Studying for this test is incredibly stressful! I recommend taking at least one 30-minute walk a day in the middle of your study session. Put in your earbuds, listen to some of your favorite music and just go for a walk. Get some sun, feel the breeze, and remember that there is so much more to life than studying for some dumb old test, no matter how important it is to your future career. I had one student in particular who was studying to take the MCAT for the 4th time when she came to me for help. This was her last shot she said. To say she was stressed was an understatement. One of the first things I told her to do was start taking her dog for a 30-minute walk every day. The difference in her demeanor within just one week was incredible. Trust me on this, go for a walk every day. At least one!

Friends:

Some students study so much that they let their friendship get pushed to the back burner. This is not a good idea. It is very easy to lose perspective when studying for a test like the MCAT. We get tunnel vision and begin to think that the entire world and our whole lives ride on how well we do on this test. There is so much more to living a good and fulfilling life than getting a particular score on the MCAT, and your friends are one of them and will remind you of this when you forget. Your friends are going to know you best, and they’ll be able to support you when you have a down practice test score or need to regain a broader perspective. Do at least one outing a week with your group of friends. Take the night off and enjoy yourself. I promise you that if you attempt to study for 6 to 8 hours a day for 90 days straight with the MCAT being the only thing you do, you will not make it. I have not seen someone make it yet. It is a marathon, and you have to pace yourself.

Other Tips:

– One of the things I did for every MCAT class I taughtwas buy each of my students a copy of the book The Eight Minute Guide to Meditation. It is an eight-week course that takes you through guided meditations for only eight minutes a day. This is a great way to relieve stress in a short amount of time and clear your mind so when you hit the books you’re ready to go!

– If you’re someone like me whose default setting is to be stressed out, this book might be just the one for you.
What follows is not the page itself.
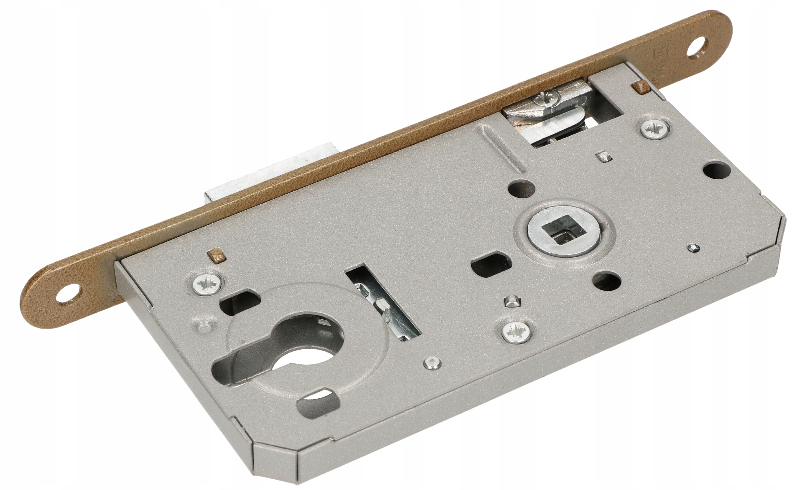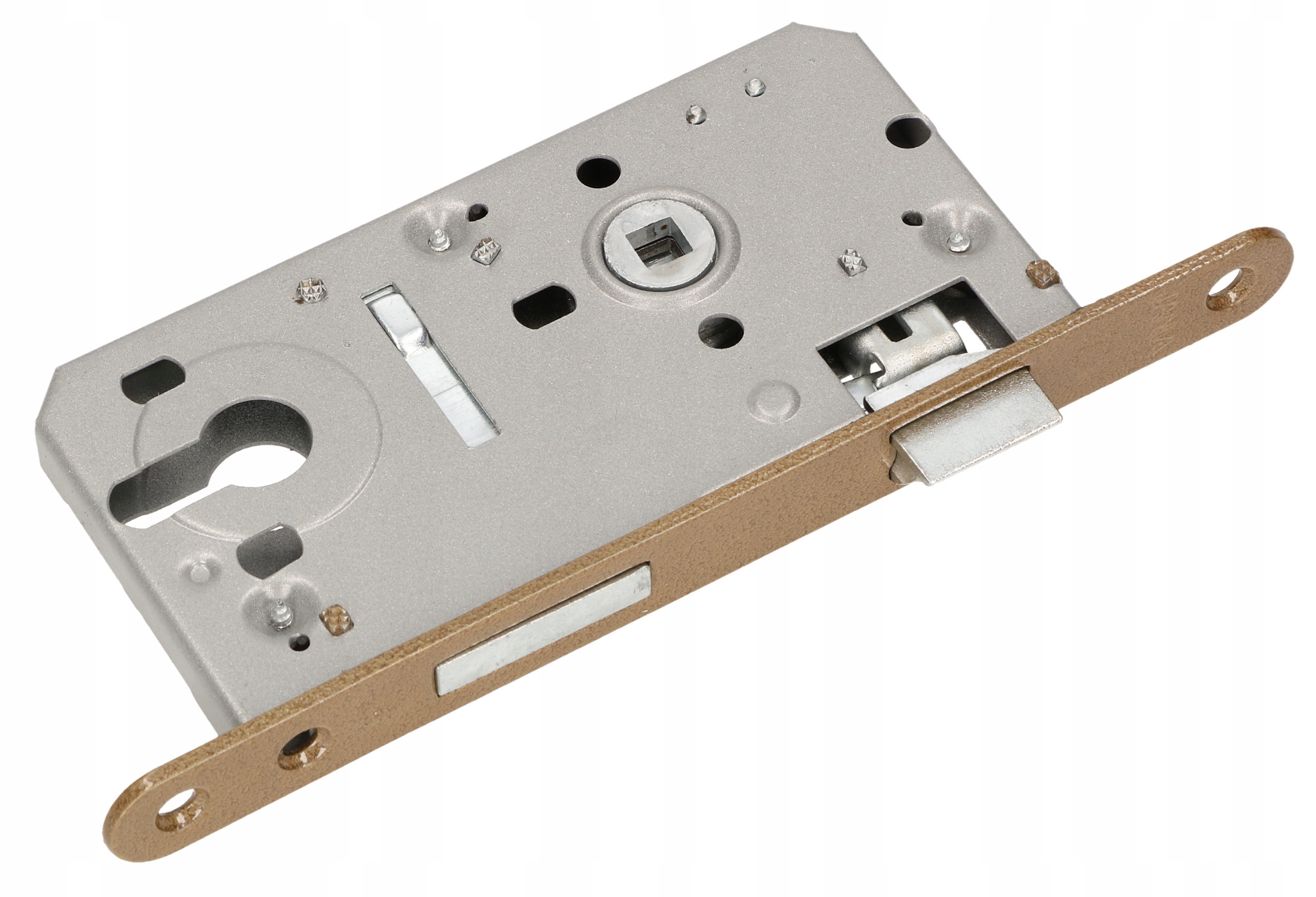 Пропозиція включає врізний замок і коробку з отворами для кріплення замка. Механізм замка універсальний, що полегшує установку як на праве, так і на ліве дверне полотно. У набір входить замок, запірка та необхідні кріпильні гвинти.

It’s the book for learning ways to cope with stress and become a more relaxed person. I’ve used it and highly recommend it. Check out The Relaxation and Stress Reduction Workbook.

– And for those of you who struggle with test anxiety (Who doesn’t on some level?) this book has helped many, many people pick up easy and practical tips for managing anxiety both while studying and taking the actual test. Check out The 10 Best Ever Anxiety Management Tips.

If you made it through today’s post, you’re on the right track! Doing well on the MCAT involves a lot more than studying harder and longer. You have to manage the other areas of your life and remember that you are human, not a machine. Take these three steps today and you’ll see gains in all sections of the MCAT long-term. Get at least eight hours of sleep every night from now until your test day. Walk for 30 minutes, every day! And get out and see your friends at least once a week! Oh yeah, and don’t forget to do your two passages today. Tomorrow, we’ll take a look at the different question types.

Today’s Assignment: Do Two CARS Passages Individually, Under Timed Conditions

“To keep the body in good health is a duty… otherwise, we shall
not be able to keep our mind strong and clear.”